After Commencement, Hollenbeck moved to upstate New York, to begin her residency in family medicine at St. Joseph’s Hospital in Syracuse. “Patient-centered care is now fashionable, a buzzword,” she says. “But that’s how I got trained.” She learned to ask questions and to listen and look for the answers, spoken and unspoken. She loved the “dance of connection” with her patients, and the “wonderful intellectual puzzle” of diagnosis and treatment. “You can’t be too lazy to ask questions,” she says. “Sometimes that one question is the only one that matters.” After residency, marriage, and a stint in the Public Health Service, Hollenbeck returned to Massachusetts to help care for her father, who had been diagnosed with prostate cancer. When he died, she opened a solo private practice and “got swamped.” She felt duty bound to her patients— “The last person of the day needs as much out of you as the first person of the day,” she says—but it was a brutal introduction to the real world of primary care: the long hours, the paperwork, the tight scheduling. After the birth of her second child she switched gears to become associate director of the family medicine residency at the University of Massachusetts Medical School, “which I loved immediately,” she says.

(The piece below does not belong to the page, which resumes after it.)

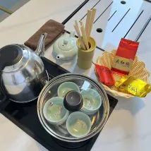 Ответ от объекта размещения: 慢拾光高級行政公寓按照高標準打造,配有中式精緻自助早餐,健身房,品牌洗漱用具,定做高級護脊床墊,記憶枕芯,床上用品,封包毛巾。有一室一廳茶藝房,一室一廳閲覽羣書房,兩室一廳茶藝房等多種房型。慢拾光高級行政公寓每間房有配備獨立的品牌洗衣機,冰箱和廚房設備。觀景陽台全明通透,清風入室。大型停車場車位數量充足,方便你的出行。行政公寓提供24小時酒店管家式服務,我們始終秉承“衞生乾淨,顧客至上,性價比高”為根本原則!

Sexism in medicine was a regular theme; she was the first or only woman to hold many of the posts on her CV. “I got spoiled at Brown,” where 20 of the 60 members of her class and some of the faculty were women, she says. “I got to residency and it was a shock.” In 1979, she was the first female family medicine resident delegate to the Annual Congress of the American Academy of Family Physicians (of which she is now a fellow). While running her practice she was the only woman on the local hospital staff; later, at a clinic in Worcester, MA, where she started their family medicine department, she was the only female department head. Attitudes were slow to change; a hospital president once informed her that he didn’t like married women who kept their last names. With three young children at home, she struggled to find work-life balance—a challenge, she laments, that continues for female physicians to this day.